SEBI’s System Driven Disclosure
SEBI’s System Driven Disclosure
The Securities and Exchange Board of India, vide circular dated 9th September 2020, has provided the manner of implementation of System Driven Disclosure for members of promoter groups, designated person (in addition to promoters) and directors of a company under regulation 7(2) of the SEBI (Prohibition of Insider Trading) Regulations, 2015.
The present article highlights the newly introduced System Driven Disclosure which is likely to regularize the disclosure filing requirements of the entities/ listed company. The same will also enable transparency in the trading activity of the entities/ listed company.

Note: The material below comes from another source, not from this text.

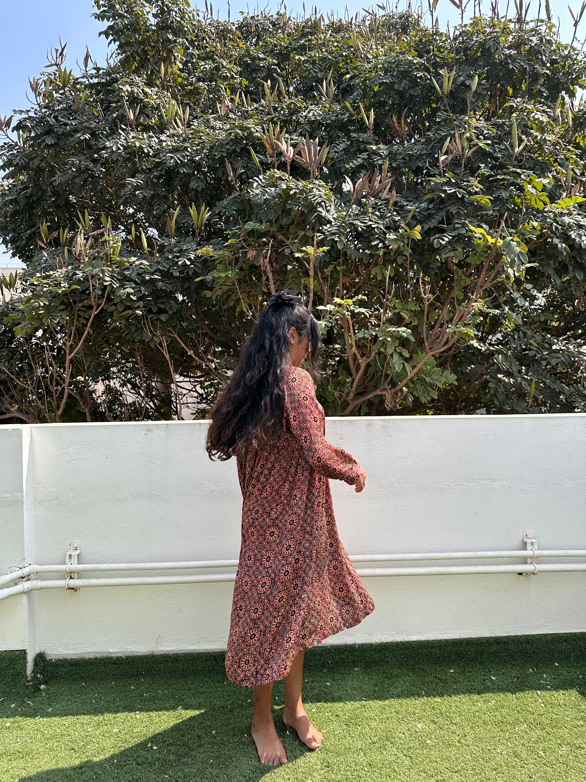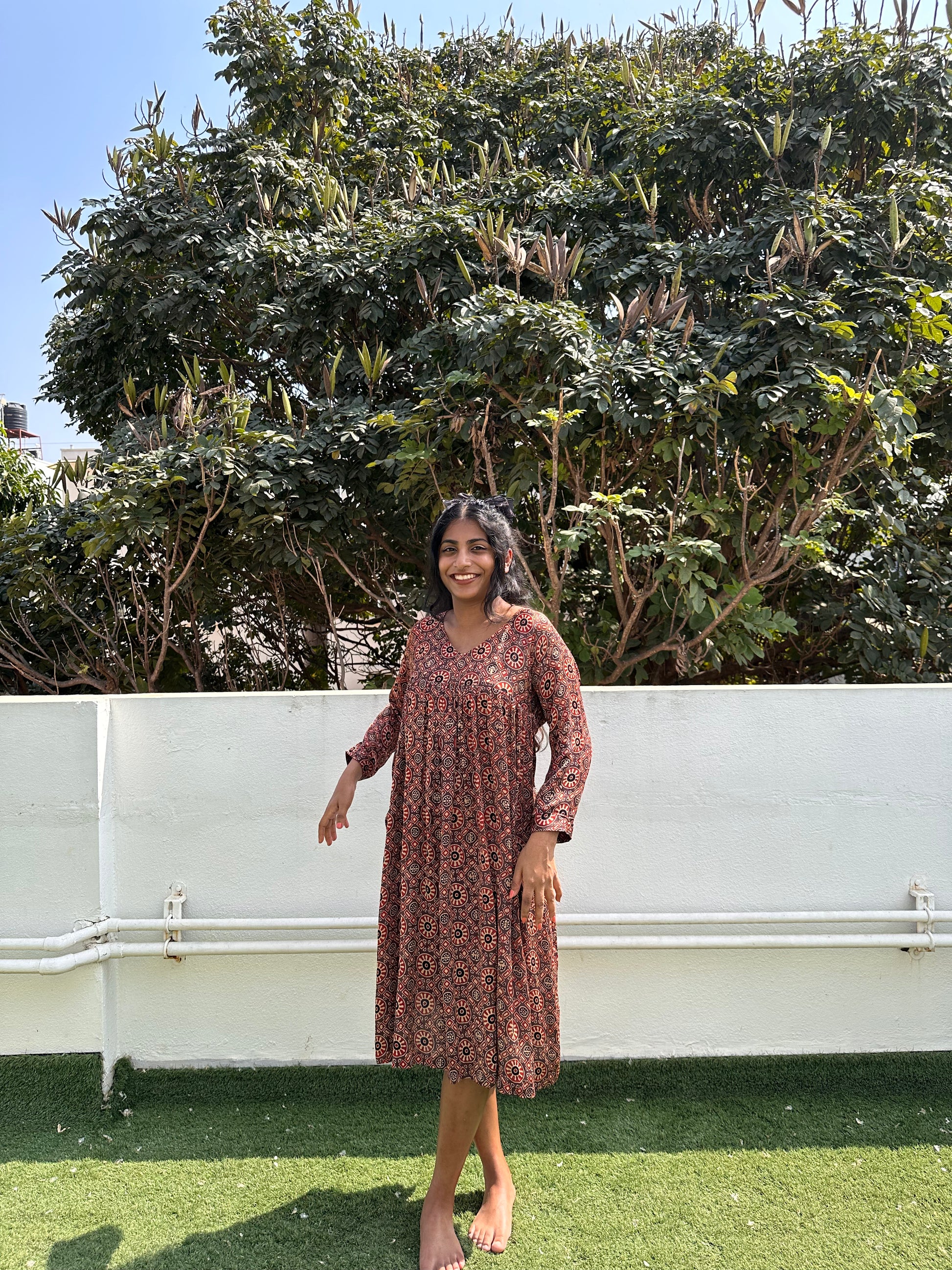 "Be a fashion statement with the Rani dress in brown. Made with luxurious modal silk, this dress features a stunning ajrakh print and a flattering gathered design. You'll feel like a queen in this unique and bold dress. (Regal without the royal price tag!)"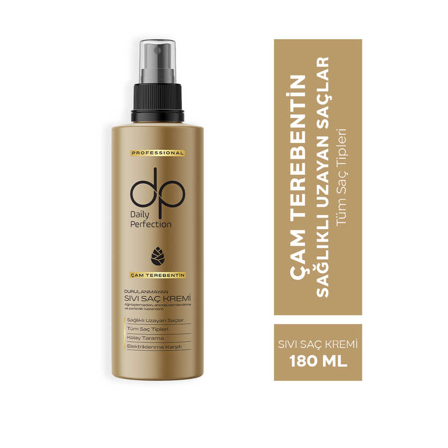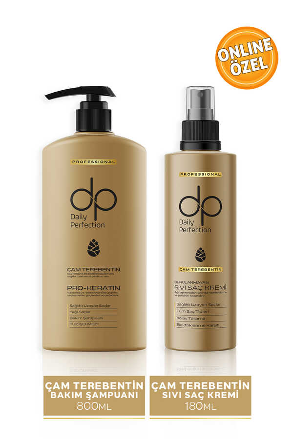 dp Daily Perfection Çam Terebentin 800 ml şampuanı ve çam terebentin 180 ml sıvı saç bakım kremi, sadece online satışa özel bu ekonomik setle saç bakım rutininizi tamamlayın! tuz içermeyen ve PRO-KERATİN özel formülüyle saç derisine ve saça yıpratmadan bakım sağlar.dp Daily Perfection Çam Terebentin PRO-KERATİN şampuanı zenginleştirilmiş formülü sayesinde saçlarınıza derinlemesine bakım yapar ve hızlı uzamasına yardımcı olur. Saçlarınızı yıpratmadan temizleyen bu şampuan, saç köklerini besleyerek sağlıklı uzamayı destekler. Ayrıca içerdiği biotin, keratin proteini sayesinde saçlarınızı güçlendirirken kırılmalara karşı koruma sağlar. Çam Terebentin yağı ile saçlarınız canlanır, güçlenir ve doğal parlaklığını geri kazanır.dp Daily Perfection çam terebentin 180 ml sıvı saç bakım kremi, saç bakımında benzersiz bir deneyim sunan özel formülümüz, saçlarınızın sağlıklı, parlak ve canlı görünmesini sağlar. İçeriğindeki Çam Terebentin özü, saçlarınızın sağlıklı bir şekilde uzamasına destek olurken saçları ağırlaştırmaz. Saçlarınıza ipeksi bir yumuşaklık kazandırır ve anında kolay taranabilirdik sağlar.Her zaman güçlü, parlak ve canlı saçlara kim sahip olmak istemez? Yeni dp Daily Perfection şampuanı ve çam terebentin 180 ml sıvı saç bakım kremi setiyle bu artık mümkün. dp Daily Perfection Çam Terebentin serisi ile her gün sağlıklı ve güçlü saçlara sahip olun!dp Daily Perfection Çam Terebentin tuzsuz şampuanı ve çam terebentin 180 ml sıvı saç bakım kremini mutlaka dene!dp Daily Perfection profesyonel saç bakım şampuanları ile günün her anında mükemmelliği yaşa!ÜRÜN ÖZELLİKLERİÇAM TEREBENTİN | Çam terebentin yağı saçlarınızın hızla uzamasını sağlarken güçlü, canlı, parlak saçlara sahip olmanızı sağlayacaktır, saçlarınızın koparak dökülmelerinin önüne geçmiş olacaksınız.KERATİN BAKIM | Keratin içeren özel formülle saçlara ihtiyacı olan vitaminleri kazandırarak bakım yapar. Hasar görmüş saçları onarır, saçların her zaman sağlıklı ve parlak görünmesini sağlar.BİOTİN DESTEĞİ | Biotin desteği zayıf saçları güçlendirerek saç dökülmelerinin önüne geçer. Saç kalitesini artırır ve daha sağlıklı uzamasını sağlar.

The flow of events adopted for system driven disclosure-
Following table narrates the flow of events adopted by SEBI for system driven disclosure-
|1st December 2015||Initiative for implementation of system driven disclosure in multiple phases.|
1st January 2016
|Disclosure relating to changes in shareholding of promoter or promoter group of the listed entities under the SEBI (Substantial Acquisition of Shares and Takeovers) Regulations and SEBI (Prohibition of Insider Trading) Regulations.|
28th May 2018
|Disclosure under 29(1) and (2) of the SEBI (Substantial Acquisition of Shares and Takeovers) Regulations and regulations 7(2) of the SEBI (Prohibition of Insider Trading) Regulations relating to the directors and employees of the company. (provisions effective from 1st August 2018).|
9th September 2020
|Disclosure for members of promoter groups, designated person (in addition to promoters and directors). (Provisions effective from 1st October 2020).|
Applicability of new provisions-
The new provisions implement the System Driven Disclosure under Regulations 7(2) of the SEBI (Prohibition of Insider Trading) Regulations, 2015. The same is applicable to the member of the promoter group, the designated person (in addition to the promoter) and director of the company.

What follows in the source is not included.